DETAILED DESCRIPTION OF A PREFERRED EMBODIMENT OF THE INVENTION
[0035] Examples of two-dimensional electrophoresis procedures for
which the apparatus is well-suited are set forth in an article
entitled .cndot.Analytical and Micropreparative Two-Dimensional
Electrophoresis of Proteins" by M. G. Harrington, D. Gudeman, T.
Zewert, M. Yun, and L. Hood (METHODS: A Companion to Methods in
Enzymology, Volume 3, No. 2, Oct. pp. 98-108, 1991). The contents
of this reference along with all of the references cited in the
article are hereby incorporated by reference.
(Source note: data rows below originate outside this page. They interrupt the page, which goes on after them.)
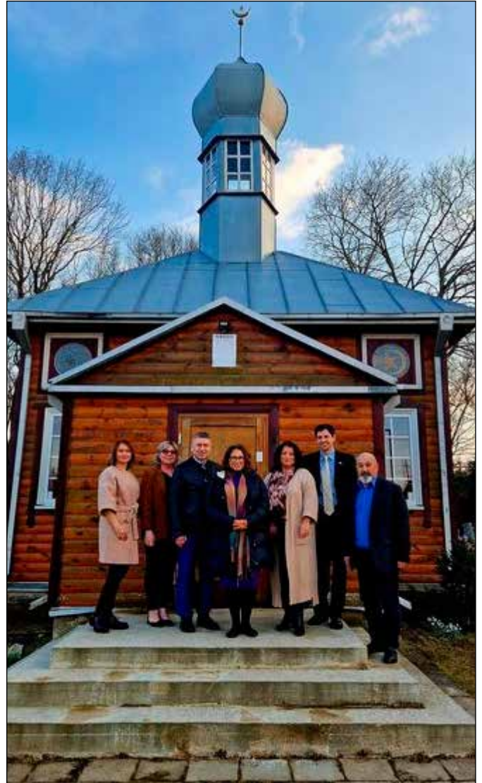
Delegacija sutinkama prie Mečetės Nemėžyje

Tautinių mažumų departamento pasiūlymu po susitikimo tautinių bendrijų namuose JAV Vyriausybės atstovai apsilan-
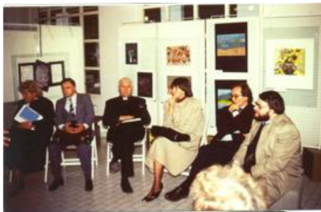
Delegacija Evropskega sveta na obisku, september 1986

Na univerzi za tretje življenjsko obdobje smo prepričani, da marginalizirane družbene skupine potrebujejo ambiciozno izobraževanje, podprto z raziskovanjem, svetovanjem, izobraževanjem mentorjev, javno kampanjo, strokovnimi in znanstvenimi publikacijami ter internacionalizacijo delovanja. Počivati mora na profesionalnih kriterijih in vrednotah. Vsa ta prepričanja smo pričeli uveljavljati leta 1986, ko je univerza postala študijski primer dobre prakse Evropskega sveta in jo je obiskala študijska delegacija te organizacije.
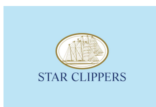
Kabina z balkonem
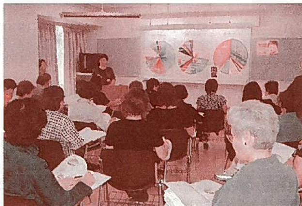
独立法人女性教育会館でのワークショップ
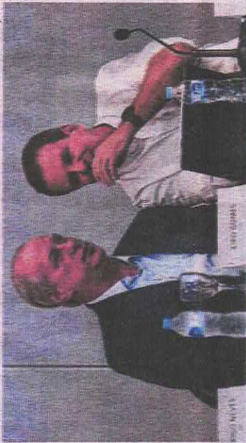
CIRO participou de encontro com Eduardo Paes no Rio

é essa. Derrotar o Bolsonaro é uma questão gravíssima, urgente, imediata, mas mais grave do que ela é o que pretendemos colocar no lugar da terrarraçada que vai ficar. Nesse sentido, o Lula tem despolitizado o debate de forma muito
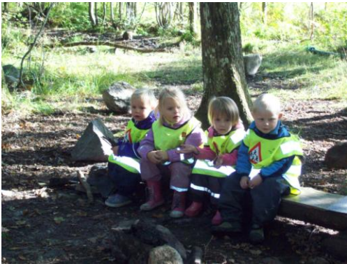
Skautrolla på tur sept-11
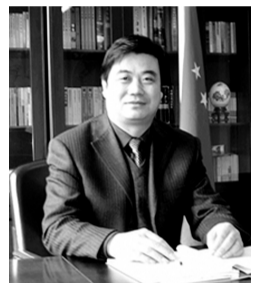
河北省万全县长王聪著在宿舍自缢死亡。

近日,连续两起官员自杀事件再次把“官员非正常”死亡引入公众视野:8月25日河北省万全县长王聪著在宿舍自缢死亡;27日,江苏射阳县纪委的一名干部在该县人民医院住院部大楼跳楼自杀,当地警方随后公布死者生前患抑郁症,生前不存在任何经济问题。
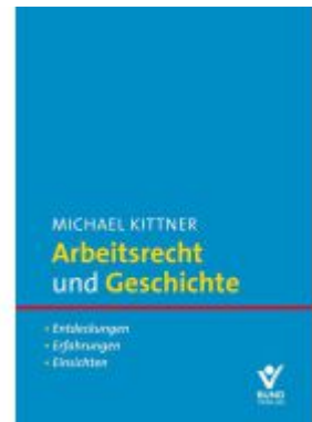
Arbeitsrecht und Geschichte Ladenpreis: 55,60EUR
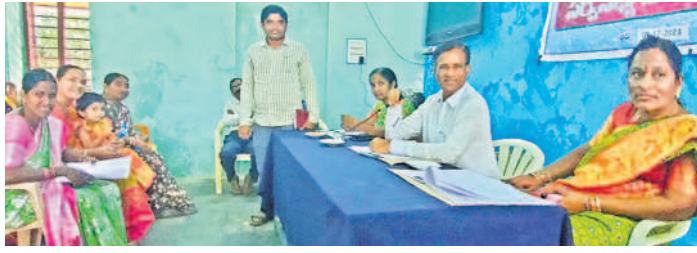
ఖానాపురం మండల సర్వసభ్య సమావేశంలో మాట్లాడుతున్న ఎంపీపీ ప్రకాశ్ రావు

మండల సర్వసభ్య సమావేశంలో మాట్లాడుతున్న ఎంపీపీ ప్రకాశ్ రావు
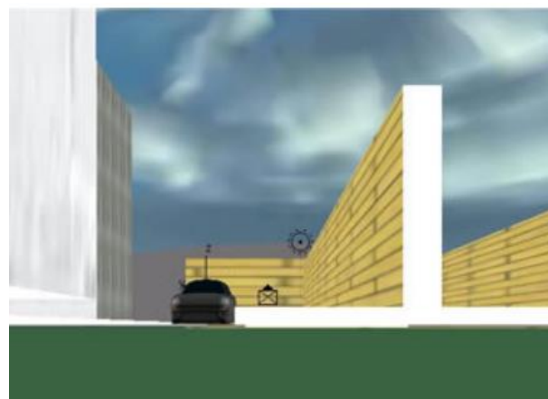
Figura 11. Vista 3D do jogo Educa Trans

O jogo possibilita a experiência estética ao usuário uma vez que o transporta para um espaço onde, por um
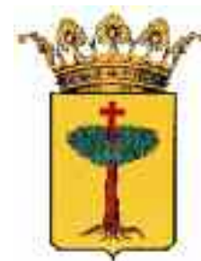
Ayuntamiento de Aínsa-Sobrarbe
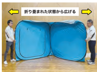
5 両端を持って一直線になるように広げていきます。
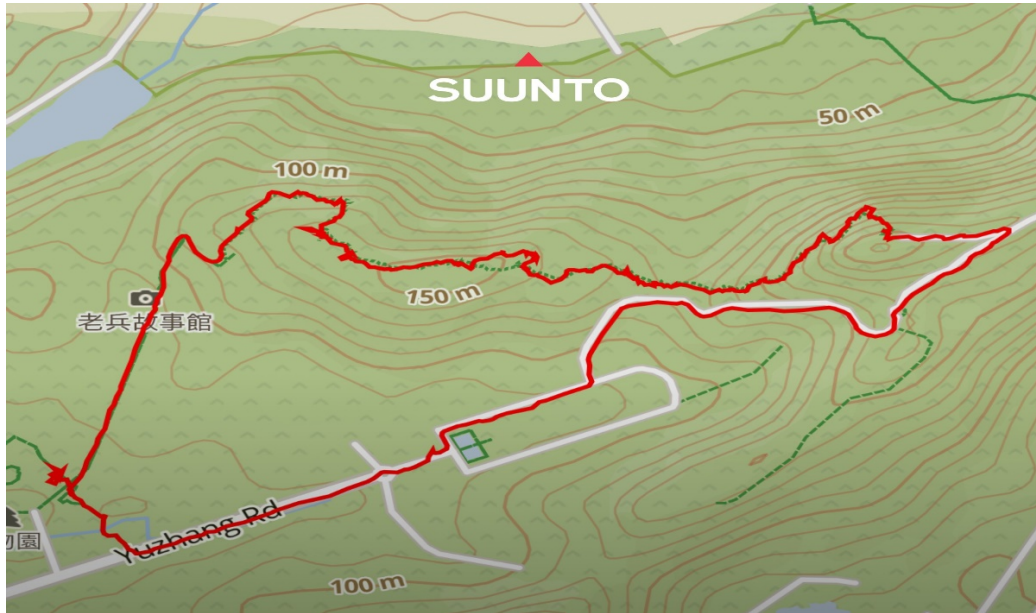
圖 1 金門植物園-千丈壁-路線圖

植物園登山口→莊敬自強→飲水思源→404 碉堡→反空降裝置→千丈壁 (為太武山古 12 奇景之一)→風動石→玉章路→植物園停車場

The First Dimensional Gel Strips and Semi-Rigid Support
[0036] In a preferred embodiment shown in FIG. 1, pre-cast
polyacrylamide or related pH gradient gel strips (1) are
polymerized on and covalently attached to a semi-rigid support (2)
such that the gel strips, which are typically about 3-5 mm wide,
are spaced at about 9 mm on center with around a 4-6 mm wide space
between them and a length of about 80-120 mm. The pre-cast gradient
gels can be cast in a discontinuous mold that allows for the
introduction of both uniform and gradient variable compositions
running the length of the gel. Said semi-rigid support (2), may
typically be composed of, but is not limited to, 100-200 micron
thick polyester, polymethylmethacrylate or polycarbonate film that
has been surface treated to provide a continuous or discontinuous
hydrophilic reactive surface that will bind the gel polymer by
covalently integrating into the gel matrix. An example of such film
is the polyacrylamide support film known as Gel Bond.TM..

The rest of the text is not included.